You will find several orthodox rabbis who follow Rabbi Angel's interpretation.
Rabbi Aryeh Moshen
Brooklyn
December 5, 2012
Rabbi Aryeh Moshen
Another thing that strikes me is that I accept the Talmud, not as a Gd, but as a debate that is open to questioning, and so far as I understand it that is all that Talmud itself claims to be. That is, Talmud is a source of chabad, but that it is open to questioning, and that new cases still present themselves, and that not every case in Talmud was capable of being solved. Thus, with respect to this following line: "you also must accept the Talmud and commentaries that say that a child born of a non-Jewish mother is a non-Jew." while I do accept Talmud, I also accept that it is questionable by nature, which therefore seems to invalidate the comment in the quotations relative to this post.
Craig Hamilton
MA
December 5, 2012
Dear Rabbi Aryeh Moshen,
Thanks for the attention but I fully fail to receive how this is relative to me, especially as a male, “The Book of Ezra is quite explicit that the foreign wives AND THEIR CHILDREN were sent away.” My wife is not Jewish to her knowledge, and neither am I. What I am talking about is paternal ascent to having an affinity for observance of Torah with respect to me. Rabbi, my mom hid my Jewish books. Rabbi, my mom taught me, possibly by accident, that I should commit idolatry. I don't see how maternal ascent is possible in my instance.
Craig Hamilton
MA
December 4, 2012
Dear Rabbi, Thank you for taking the time to discuss this with me, and to have the courage to proclaim desolate words, “I'm sorry,” for when I talk with my wife, she said the following the other day about my mom: “I wish I could just say to your mother, ‘Have you met someone? His name is Craig. You have no clue in the slightest who he is, or what he is like, but he is your son.’” Sincerely,
Craig Hamilton
Sandwich
December 4, 2012
Aryeh Moshen
Links are not allowed on this site, so I will give you the name of an article/ ruling that is made by a Rabbi. If you input the phrase: "Halakhic conversion of non-religious candidates" into yahoo, it will come up.

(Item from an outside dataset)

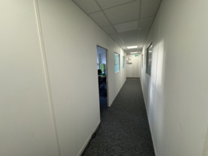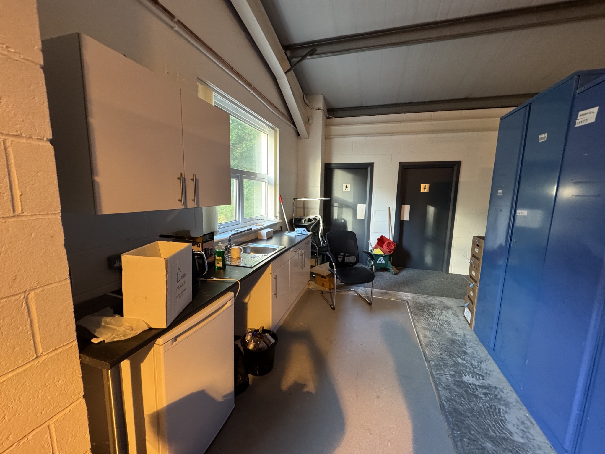 Steel portal frame building with breeze block walls which have been externally rendered and painted. Profile sheet metal roof, solid concrete floor and stud partitioned throughout. LEASE TERMS

Can you please comment on how you feel about that article? As in, I have a wife who is not religious but we must convert as a family so she is converting with me to keep our family intact. How do you feel about Rabbi Angel's reasoning? (I think he is a Modern Orthodox, so don't write him off as an heretic.)
Father of Ariel Simcha
December 4, 2012
To Craig
I'm sorry, but I must disagree. The Book of Ezra is quite explicit that the foreign wives AND THEIR CHILDREN were sent away. If you want to find a commentary who says that the children were not sent away you also must accept the Talmud and commentaries that say that a child born of a non-Jewish mother is a non-Jew. I've worked with Mischlingen. Several of them have told me that they want to be treated as BTs and not Gerim. My response is always the same, "I would be happy to welcome you should you choose to convert but if you insist that you are Jewish by virtue of your father, then I cannot help you."